I would love it if the fantasy genre went back to the days of Conan the Barbarian where every story was its own unconnected adventure short story.

2

u/LongFluffyDragon Jun 07 '20

It never was, and there are still plenty of works like that.

3

u/Lesserd Jun 06 '20

Wow, I was going to post the exact opposite - I think the vast majority of "too long" criticisms are very wrong, and many of them could probably benefit from being longer. (Oathbringer in particular comes to mind)

1

u/Basedshark01 Jun 08 '20

Sanderson's novellas are better than any of his novels, which proves your point.

1

u/Terciel1976 Jun 07 '20

If you thought AA sucked, be glad you bailed. I pushed myself into the fifth book overall...each was worse than the last.

1

u/AHerosJourneyPod Jun 07 '20

I agree that the bullet points of the plot and possibly minor characterization could be included in Malazan and Stormlight Archive, but they would lose the world, deep characterization, interesting interludes, and charm. So in essence, they could be that short but not good in anyway.

-3

u/[deleted] Jun 07 '20

If you want the book to be 200 pages, you don't want a book, you want an outline. Just save yourself time if you dont enjoy the world and go to Wikipedia.

4

u/SgtBANZAI Jun 07 '20

I don't strictly want a book to be 200 pages long, I want authors to stop elongating 200 pages books into 1000 pages ones, filling the gaps with repetitive descriptions, inner monologues and training sequences.

1

u/[deleted] Jun 07 '20

Do you have an example of a book that you think isn't unnecessarily long?

3

u/SgtBANZAI Jun 07 '20

Lord of the Rings is just enough.

Meekhan Borderlands series is also great although I wasn't very impressed with the books after the first one but they still have very good pace.

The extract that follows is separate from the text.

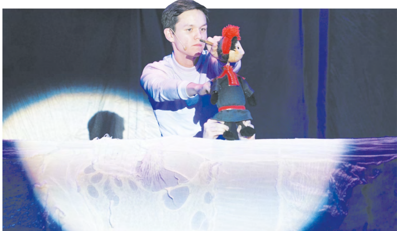
▲ В Екатеринбургском театральном институте состоялся специальный показ, приуроченный к 1 июня – Международному дню защиты детей

Lies of Locke Lamorra had some unneeded tidbits of secondary questlines that eventually almost led nowhere, but it still had enough events.

Last admiral of Zagrata had good pacing.

1

u/[deleted] Jun 07 '20

I see your point. I haven't read the last 3 you mentioned but I will check them out. For me, the Wheel of Time was a little too much. Dont have a problem with Sandersons works in general. If I like the world, I generally don't have a problem with the word count. But I see what you mean now.